EXERCISE: Copy the listing exactly, please, and keep every picture out of it.

DATA:

+ + +

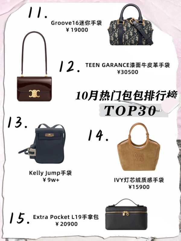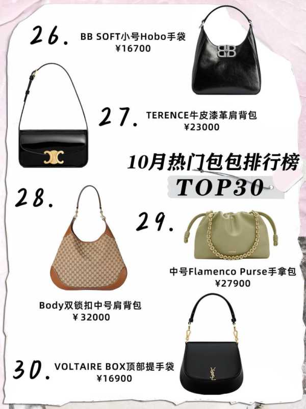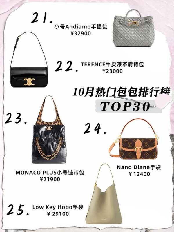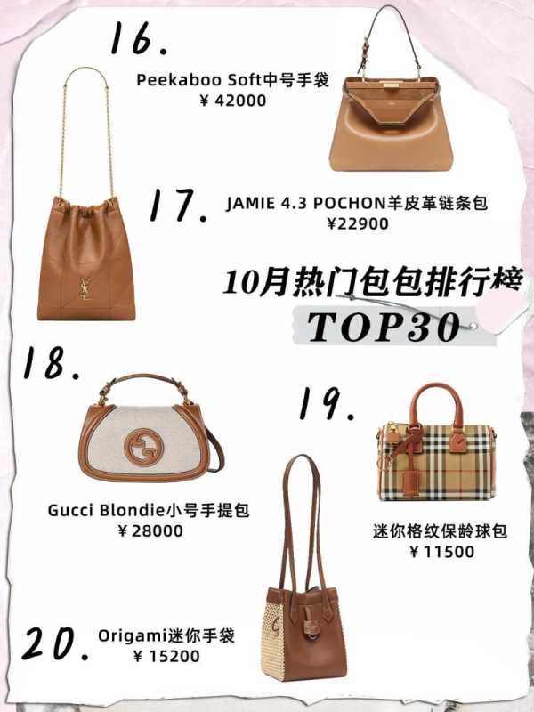 10月份最火的包包还是香*儿,24k的保龄球相机包是谁还没有,不过听说这个包也是要排好久,不是个vic也见不到面,不愧是榜单排名第一的包包,除了这个包还有很多热门包也在这次的榜单上,给大家总结TOP30的包包有哪些☝️
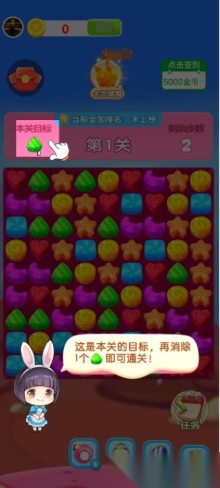 2.进入关卡开始挑战,轻松体验经典三消玩法。
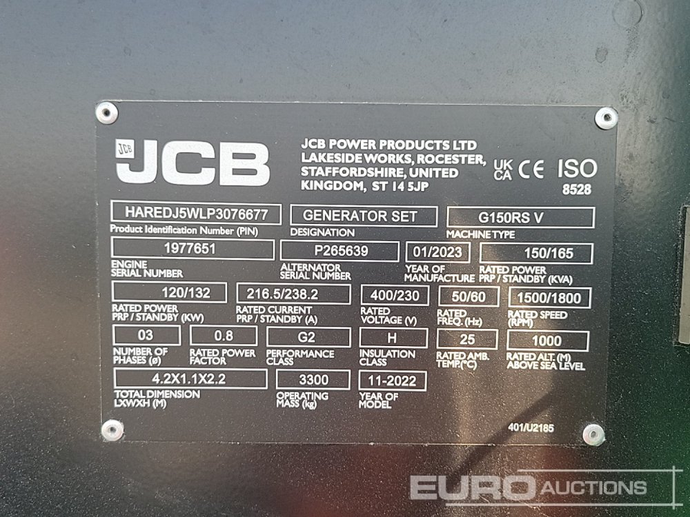 2023 JCB G150RS 165kVA Generator, 6 Cylinder Engine - 1977651

+ + +

SOLUTION TO THIS EXERCISE:
 10月份最火的包包还是香*儿,24k的保龄球相机包是谁还没有,不过听说这个包也是要排好久,不是个vic也见不到面,不愧是榜单排名第一的包包,除了这个包还有很多热门包也在这次的榜单上,给大家总结TOP30的包包有哪些☝️
 2.进入关卡开始挑战,轻松体验经典三消玩法。
 2023 JCB G150RS 165kVA Generator, 6 Cylinder Engine - 1977651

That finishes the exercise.